La VHF est en visibilité directe. Depuis une antenne en tête de mât à 15 mètres, comptez 25 à 40 milles nautiques jusqu'à une station côtière, moins depuis un portatif à hauteur de cockpit. Au-delà, l'ASN sur VHF ne suffit pas. C'est là qu'une deuxième couche d'alerte compte, et que le choix entre une RLS, une PLB ou une balise AIS MOB devient concret. Si vous n'avez pas encore tranché pour votre bateau, notre comparatif EPIRB, PLB ou balise AIS : quelle balise de détresse embarquer précise laquelle correspond à quel type de navigation.

Pour les traversées véritablement hauturières, l'ASN VHF est un outil côtier. Vous voudrez aussi pouvoir dialoguer avec un coordinateur de sauvetage, pas seulement l'alerter. Notre panorama des communicateurs satellite pour la navigation hauturière couvre les compromis pratiques entre Iridium, inReach et les options plus récentes.

Deux autres outils accompagnent la radio et se font souvent oublier dans la panique :

  • Signaux visuels. Une fois les secours proches, les guider jusqu'à vous est une compétence à part. Sachez comment utiliser une fusée de détresse en toute sécurité avant d'avoir à en tirer une depuis un cockpit qui bouge.
  • AIS. Si votre MMSI est programmé et que vous émettez en AIS, les moyens SAR vous verront avant de voir votre coque.
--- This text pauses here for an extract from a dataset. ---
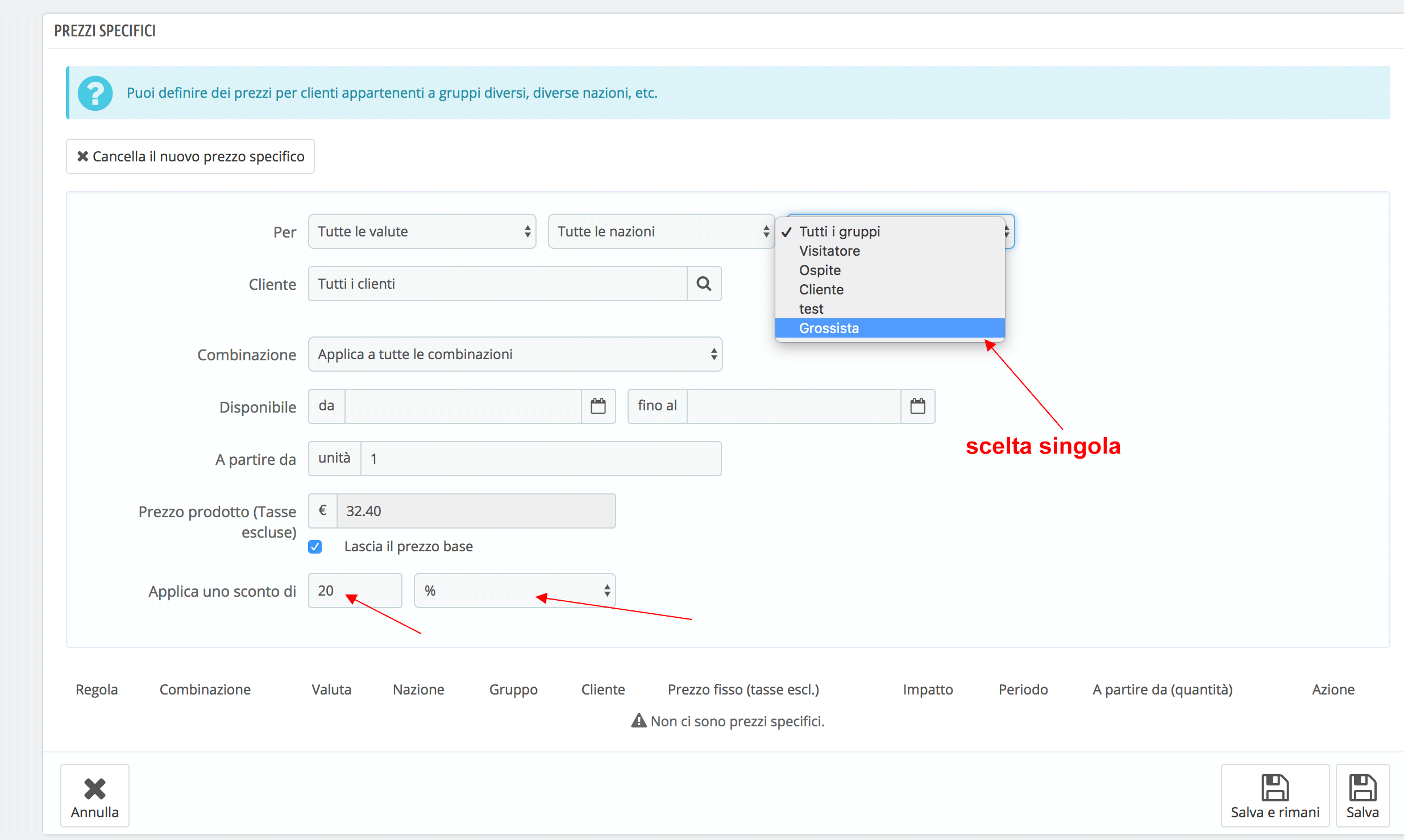 ballashop Posted June 19, 2018 Share Posted June 19, 2018 Ciao, mi si è posta l'esigenza di creare listini diversi. Uso PS 1.6.1.18, disabilitato B2B, non uso la gestione magazzino avanzata, i prezzi sono iva esclusa. Ho creato il gruppo Grossista: Clienti --> Gruppi --> nuovo --> Grossista --> 20% --> tasse escluse --> mostra prezzi: SI --> tutti i moduli autorizzati Avendo già un nutrito catalogo con molte categorie, ho cominciato ad abilitare le suddette alla vista del gruppo Grossista (altrimenti non visibili perché il gruppo è nato dopo le categorie) non so se esiste un comando che faciliti questa procedura. Durante questa fase ho riscontrato subito un problema: Gli sconti applicati su determinati prodotti tramite l'opzione "prezzi specifici". La tab "prezzi specifici", all'interno della scheda prodotto, oltre al problema che non è possibile modificare uno sconto già applicato, ma solamente cestinarlo, non permette selezioni multiple dei gruppi, nell'applicare lo sconto. L'immagine sotto vale più di mille parole... Ho dedotto che, per applicare lo sconto del 20% al gruppo Grossista, basta selezionare il medesimo dalla tendina, ma se volessi applicare un'altro sconto, questa volta ai restanti gruppi, sono obbligato a creare n sconti per n gruppi rimasti. Quindi, se volessi applicare uno sconto del 10% ai gruppi Visitatore, Ospite e Cliente, devo creare 3 prezzi specifici identici al 10%. Non c'è altra soluzione? Spero in un vostro aiuto. Ciao. Link to comment Share on other sites More sharing options...

La même image fonctionne dans l'autre sens : bien lire un AIS vous indique quel navire commercial est le plus proche et le mieux placé pour assister.
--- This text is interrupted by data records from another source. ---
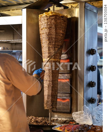 回転グリルで削ぎ落とす牛肉ケバブ(ドネルケバブの調理風景)
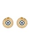 Featuring a pair of 22 Kt gold plated enameled evil eye stud earrings, set in brass.
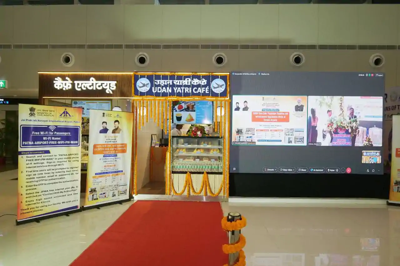 पटना के जय प्रकाश नारायण हवाई अड्डे पर यात्री सुविधाओं का विस्तार। नागरिक उड्डयन मंत्री राममोहन नायडू ने किफायती 'उड़ान यात्री कैफे' और हाई-स्पीड वाई-फाई सेवा का किया शुभारंभ।
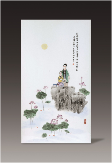 江西省高級工藝美術(shù)師付建文作品:1尺8粉彩瓷板 孟浩然詩意
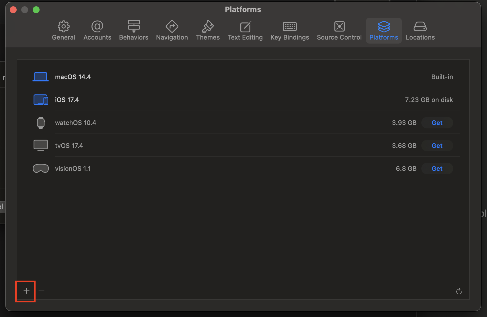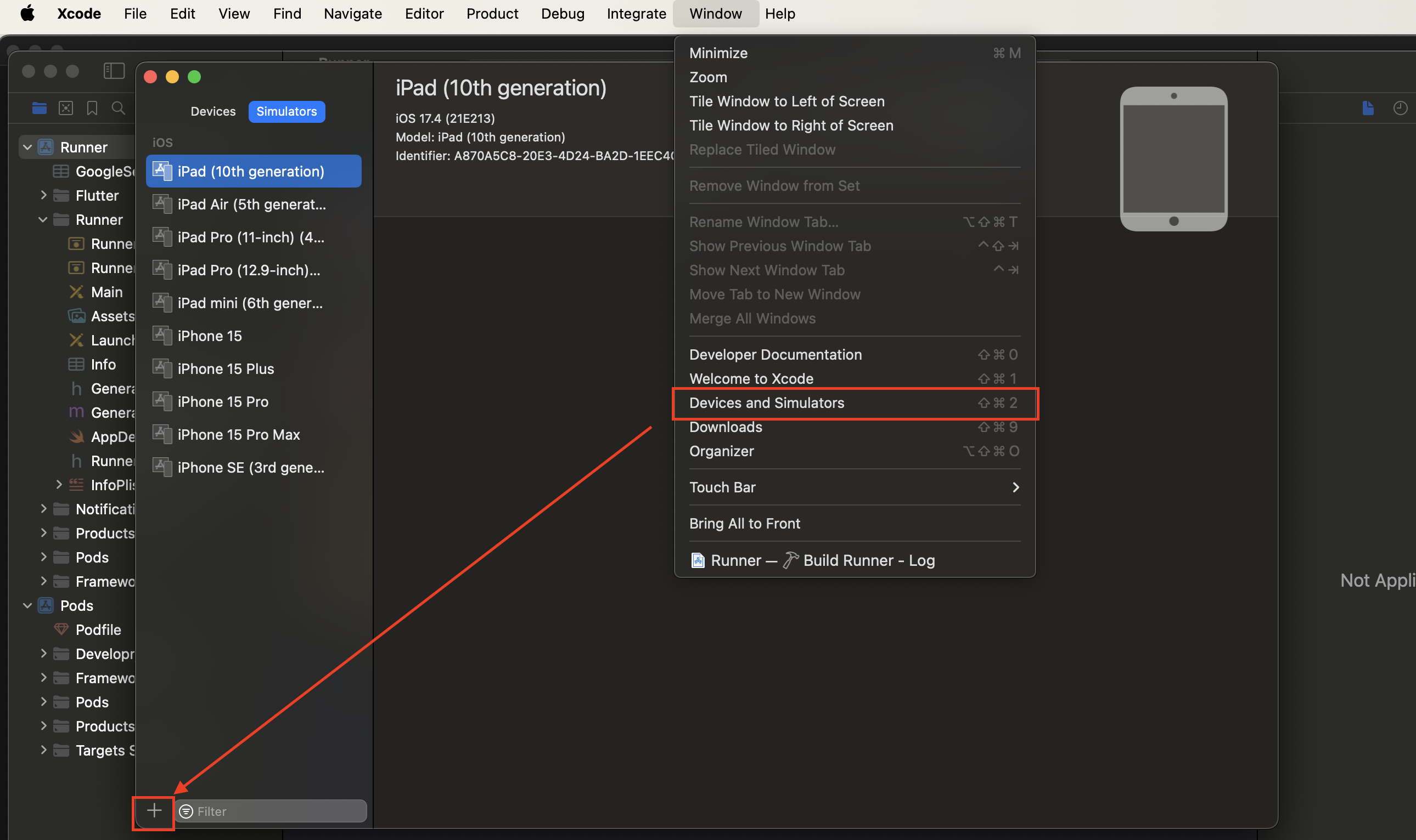 1. Window - Devices and Simulators 클릭 후 하단 + 버튼을 클릭합니다.

Exercices, annulations et fausses alertes

Deux règles que les skippers expérimentés oublient parfois :

Annulez immédiatement une fausse alerte. Si vous appuyez sur le bouton de détresse par accident, n'éteignez pas la radio. C'est la pire réaction, car cela laisse une alerte de détresse non résolue dans le système et engage les moyens SAR à chercher un navire qui va bien. Restez au contraire sur le canal 16 et transmettez : « À toutes les stations, à toutes les stations, à toutes les stations, ici [nom du bateau], [MMSI], position [coordonnées]. J'annule mon alerte de détresse de [heure]. Aucune détresse. Terminé. » Répétez si besoin. Consignez l'incident au journal de bord.

Exercez-vous, discrètement. Une fois par saison, à quai, antenne débranchée ou radio en mode test documenté, déroulez le script vocal avec votre équipage. Montrez à chaque personne à bord où se trouve la radio, comment décrocher le micro, à quoi ressemble le cache rouge, et comment lire la position du bateau sur le lecteur de cartes. Sur un bateau de location, cela fait partie du briefing sécurité, au même titre que le radeau et les gilets. À ce propos, les erreurs fréquentes avec les gilets automatiques ont tendance à ressortir au moment même où un Mayday est raté.

La compétence de fond ici est simple : appuyer, maintenir, réciter le script. Ce qui la rend efficace sous pression, c'est de savoir que votre MMSI est correct, que votre GPS alimente la radio, que votre équipage a déjà entendu ces mots, et que votre position apparaît à l'instant où vous jetez un œil au traceur. Ce dernier point, disposer d'une position propre et à jour et d'un état du bateau que vous pouvez résumer en une phrase, c'est précisément ce que l'Oria Box tient prêt en arrière-plan. Si un Mayday est le dernier appel que vous souhaitez avoir à passer, c'est aussi celui qui mérite d'être répété avant le début de la saison.